Japan's nuclear regulator has approved Kansai Electric Power Company's long-term reactor management plan for units 3 and 4 of its Ohi nuclear power plant in Fukui prefecture, allowing the units to operate beyond 30 years. They become the first reactors to be permitted to operate up to 40 years under new legislation.

The Ohi plant, with units 3 and 4 in the foreground and the shut down units 1 and 2 behind (Image: Kansai)

Under regulations which came into force in July 2013, Japanese reactors had a nominal operating period of 40 years. One extension to this - limited to a maximum of 20 years - could be granted, requiring amongst other things, a special inspection to verify the integrity of reactor pressure vessels and containment vessels after 35 years of operation.

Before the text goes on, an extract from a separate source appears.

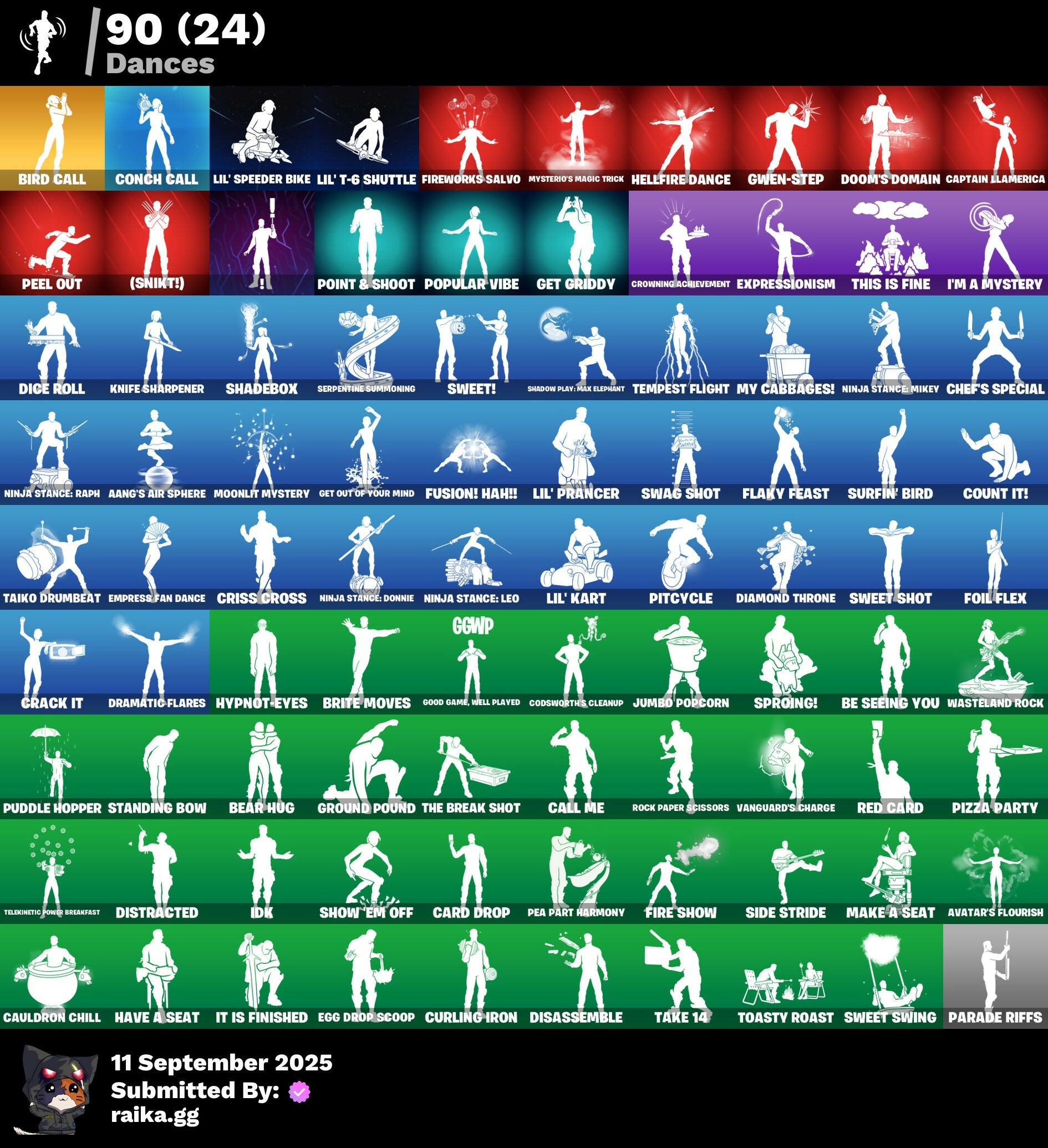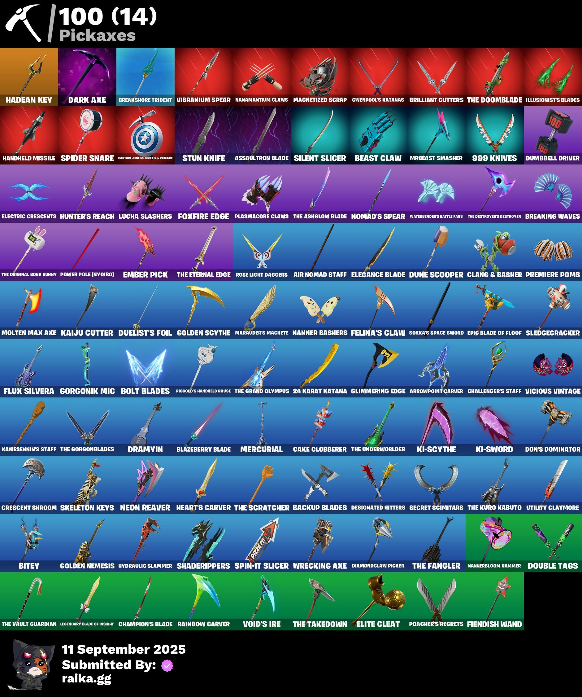 (Snikt!), 24 Karat Katana, 999 Knives, Aang, Aang's Air Sphere, Access Core, Adira's Battle Flag, Adventure Aerial, Air Nomad Staff, Airie, Antonia, Aphrodite, Appa, Arctic Adeline, Arrowpoint Carver, Artemis, Assaultron Blade, Aura, Avatar Cycle, Avatar State Aang, Avatar's Flourish, Awr Pack, B.R.U.T.E. Gunner, Backup Blades, Basement Key, Bat Royale, Be Seeing You, Beach Breezer, Beacon Glass, Bear Hug, Beast Claw, Bedside Nanner, Bird Call, Birthstone Backplate, Bitey, Blazeberry Blade, Bloomback Sack, Boba Bling, Bolt Blades, Breaking Waves, Brilliant Cutters, Brite Moves, Brite Raider, Buzzsaw Breacher, Cacodemon, Cake Clobberer, Calico-Conut, Call Me, Captain Jones, Captain Jones's Shield & Pickaxe, Captain Llamerica, Captain's Glider, Carbon Fiber Holster, Card Drop, Cash Stash, Cauldron Chill, Cazadora, Cazadora Wings, Cerberus, Challenger's Staff, Champion Stash'd, Champion's Blade, Chef's Special, Chrome Punk, Chromebrella, Chromeseed, Chronos Lock, Clang & Basher, Clawbox, Clawz Retro, Cliffside Soarer, Clip Show Carry-All, Clutch & Dagger, Codsworth's Cleanup, Combocopter, Comfy Cats, Conch Call, Count It!, Cozy Conch, Crack It, Crescent Shroom, Criss Cross, Crowning Achievement, Curling Iron, Dark Axe, Dark Jonesy, Dark Red Knight, Dark Shield, Dark Wild Card, Deck Ducky, Delivery Diver, Designated Hitters, Diamond Throne, Diamondclaw Picker, Dice Roll, Disassemble, Distracted, Don's Dominator, Doom, Doom Brella, Doom's Cloak, Doom's Domain, Double Header, Double Tags, Dramatic Flares, Dramyin, Drome Drifter, Dromerunner's Trophy, Duelist's Foil, Dumbbell Driver, Dune Scooper, Eclipse Brella, Egg Drop Scoop, Electric Crescents, Electric Shredder, Electro-Crest, Elegance Blade, Elite Cleat, Elite Servo, Ember Pick, Emma Frost, Empress Fan Dance, Epic Blade of Floof, Era, Eternal Ranker, Expressionism, FNCS Aegis, Fa-La-La-Llama, Feathered Flames, Felina, Felina's Claw, Fiendish Wand, Fire Show, Fireworks Salvo, Fish Thicc, Fist of Doom, Flakes Power, Flaky Feast, Flaming Dual Kama, Flight Risk, Flux Silvera, Foil Flex, Four Elements Banner, Fox Wayfinder, Foxfire Edge, Fusion! Hah!!, Get Griddy, Get Out Of Your Mind, Glimmering Edge, Glorious Giftblade, Goku Black, Golden Crash, Golden Gear Midas, Golden Nemesis, Golden Scythe, Goldy Lock, Good Game, Well Played, Gorgonik Mic, Gorgon’s Aegis, Grand Glacier Glider, Grim Emblem, Ground Pound, Gwen-Step, Gwenpool, Gwenpool's Katanas, Hadean Chariot, Hadean Gate, Hadean Key, Hades, Handheld Missile, Har-Har-Har!, Have A Seat, Heart's Carver, Heart's Rest, Heartwinder, Heist Flier, Hellfire Dance, High Society Glider, Highwire, Holiday Boxy, Hope, Horde’s War Wheel, Hunter's Reach, Huntress Lyre, Hydraulic Slammer, Hypnot-Eyes, I'm A Mystery, IDK, Ignition Pack, Illusionist's Blades, Imani, Incinerator Kuno, It Is Finished, Jumbo Popcorn, Junker 'Brella, Kado Thorne, Kaiju Cutter, Kamesennin's Shell, Kamesennin's Staff, Khaby Lame, Ki-Scythe, Ki-Sword, King Wings, Knife Sharpener, Korra, Korra's Air Glider, Krang, Lectro Guard Pack, Legendary Blade of Insight, Legend’s Modkit, Lil' Kart, Lil' Prancer, Lil' Speeder Bike, Lil' T-6 Shuttle, Little Black Bag, Lorenzo, Lost Meteor, Lucha Slashers, Lunar Hyperjet, Lunar Skyspan, Lunarios, Luxury Lockbox, M.O.A.B.B., Mae, Mae Jr., Magnetic Steps, Magnetized Scrap, Make A Seat, Marauder's Machete, Mariposa, Maxx Stacks, Maxxed Out Max, Medusa, Mega-Brella, Megalo Don, Megalopak, Meowtooth Plush, Mercurial, Metal Gear Mk. II, Metalhead, Mizuki, Mobile Megalodon, Molten Max Axe, Molten Ragnarok, Momo Messenger, Montague, Moonbow Breezer, Moonlit Mystery, Mr. Daruma, MrBeast, MrBeast Smasher, MrBeast6000, Mrdiamond Eyes, My Cabbages!, Mysterio, Mysterio's Cloak, Mysterio's Magic Trick, Mystica, Nana Bath, Nana-Brella, Nanamantium Claws, Nanner Bashers, Nannerbloom Hammer, Needle Dropper, Nemesis Box, Neon Man O' War, Neon Menagerie, Neon Reaver, Ninja Stance: Donnie, Ninja Stance: Leo, Ninja Stance: Mikey, Ninja Stance: Raph, Nisha, Nitro’d Ranker, Nolan Chance, Nomad's Spear, Northquester Deluxe, Nyanja's Catpak, Oni's Curse, Oopsy Drones-V, Order Remnant, Oscar, Parade Riffs, Pea Buddies, Pea Part Harmony, Pea-Rigibles, Peabody, Peel Out, Peelverine, Peelverine Plush, Peelverine Wings, Peely Whip, Perfect Pivot, Peter Griffin, Petercopter, Piccolo, Piccolo's Cape and Turban, Piccolo's Demon Symbol, Piccolo's Handheld House, Pig-Gwen Scooter, Pinata Brian, Pink Plushie, Pip-Boy, Piper Pace, Pit Faller, Pitcycle, Pizza Party, Plasmacore Claws, Poacher's Regrets, Point & Shoot, Poised Playmaker, Popular Vibe, Poseidon, Powder Keg, Power Pole (Nyoibo), Premiere Poms, Prize Package, Prized Llama, Psionic Surfer, Puddle Hopper, Pure Sole Boombox, Purradise Meowscles, Raider’s Trophy, Rainbow Carver, Ratacat, Ratacat Roamer, Ready Penny, Rebel Brella, Red Card, Red Ribbon Army Aircraft, Redmask Ranker, Relik, Remnant Blossom, Renzo The Destroyer, Republic Army Backpack, Revenant Rider, Rhinestone Rider, Rian, Ricochet Rox, Rift Ribbon, Ringmaster Scarr, River Guardian, Roast Lord, Rock Paper Scissors, Rose Light Daggers, Rose of Avarice, Rosy Rift Goddess Ariana, Ruby Relic, Rust, Sea Chariot, Secret Scimitars, Serpentine Summoning, Shadebox, Shaderippers, Shadow Play: Max Elephant, Shadow Ranker, Shadow's Bite, Shattercore, Shore Trident, Show 'Em Off, Shuri, Shuri's Cloak, Shuri's Skywings, Side Stride, Signal Tracer, Silent Slicer, Sir Beurre, Skeleton Keys, Skelleshark, Skull and Crossed Swords, Skull-A-Tron, Sky Scout, Skycarver, Slayer Juice Wrld, Sled Ready Guff, Sledgecracker, Slider, Snakebite Keyring, Snap-A-Zoomatic, Society Emblem Ranker, Society Shield, Sokka's Space Sword, Solid Snake, Son Goku, Space Pod, Spectra Protector, Spider Snare, Spider-Man (Miles Morales), Spider-Verse Portal, Spin-It Slicer, Sproing!, Standing Bow, Stealing Wheel, Storm Crash, Stormcloud, Stray, Stun Knife, Summer Sail Shark, Surfin' Bird, Sushi Sign, Swag Shot, Sweet Shot, Sweet Swing, Sweet!,

However, in December 2022, the NRA approved a draft of a new rule that would allow reactors to be operated for more than the current limit of 60 years. Under the amendment, the operators of reactors in use for 30 years or longer must formulate a long-term reactor management plan and gain approval from the regulator at least once every 10 years if they are to continue to operate. The new policy effectively extends the period reactors can remain in operation beyond 60 years by excluding the time they spent offline for inspections from the total service life.

The legislation was approved by Japan's Cabinet in February last year and enacted in May 2023. It comes into full effect in June next year.

The Ohi 3 and 4 reactors gained permission for operation extensions to 40 years under the old regulatory system in November 2021 and August 2022, respectively.

Kansai submitted an application to the Nuclear Regulation Authority (NRA) on 21 December to operate the units for over 60 years. The two 1180 MWe pressurised water reactors were connected to the grid in June 1991 and June 1992, respectively.

With the NRA's approval, Ohi 3 can now operate until 17 December 2031, while Ohi 4 can operate until 1 February 2033.

"We will continue to actively incorporate the latest knowledge from Japan and abroad and reflect it in plant design and equipment maintenance, thereby striving to improve the safety and reliability of nuclear power plants," Kansai said.

Kyushu Electric Power Company submitted its long-term reactor management plan to the NRA on 24 June for units 1 and 2 of its Sendai nuclear power plant in Kagoshima Prefecture.